In her letter, she highlights issues such as unfair contractual agreements, lack of royalty payments when shows are rerun on the public broadcaster, and poor remuneration. “What Vatiswa is expressing is the current face of our industry and what faces actors and performers in South Africa,” Thapelo says.
“I know exactly what she’s talking about when it comes to how we’re valued as artists. The only solution I have for myself when it comes to that is to understand my offering and my art. So much so that I can easily equate it and evaluate it for you and show it to you. And if you disagree with that evaluation, we all have the right to either walk into this thing or walk away.”
WITH Trackers being broadcast internationally too, it makes sense that his next stop would be the world stage, so Thapelo recently went to the USA with a view to broadening his global appeal.
“Being more connected to the global community as an artist is where my future lies. That’s where my satisfaction and fulfilment are,” he says.
He also has business interests outside the acting world. This includes his partnership with the local Bosman Family Vineyards to produce Nero wine, made from Italian Nero d’Avola grapes which are able to thrive in harsh climates. And his hectic schedule extends to his home life where, for the past five years, nappies, prams, and playgrounds have been a feature of everyday life. In 2014 he and his entrepreneur wife, Lesego (34), welcomed their first son, Lereko (5), and last year Lereko’s baby brother, Lefika (1), was born.

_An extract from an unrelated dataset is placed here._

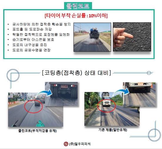 부착방지제가 함유된 접착제(유화아스팔트)로서 프라임코트 및 택코트 용도로 사용되어 도로포장 층을 결합시키고, 건설장비 타이어에 부착되어 훼손되는 현상을 방지하며, 수직 응력과 전단응력을 하부 층으로 원활히 전달하여 도로의 내구성을 증진시키는 제품

The couple have been married for seven years, and Thapelo says while there’s no formula to keeping the marriage torch lit, the love he shares with the woman he affectionately calls “my girl” keeps them connected.
“I don’t know what the secret is. I’ve got a friend in my girl. She’s got a friend in me. We’ve lived in each other’s spaces for the past seven years and more of our lives. Really, this is the one person who should have my back – and whose back I should have,” he tells us.
The pair have also set their minds on travelling. “My wife and I always say we have to make sure we travel. When we go, we’re better businesspeople, better people and better lovers. We’re just better because we get out of a cocoon.” Trackers airs on M-Net (DStv channel 101) at 8pm on Sundays from 27 October.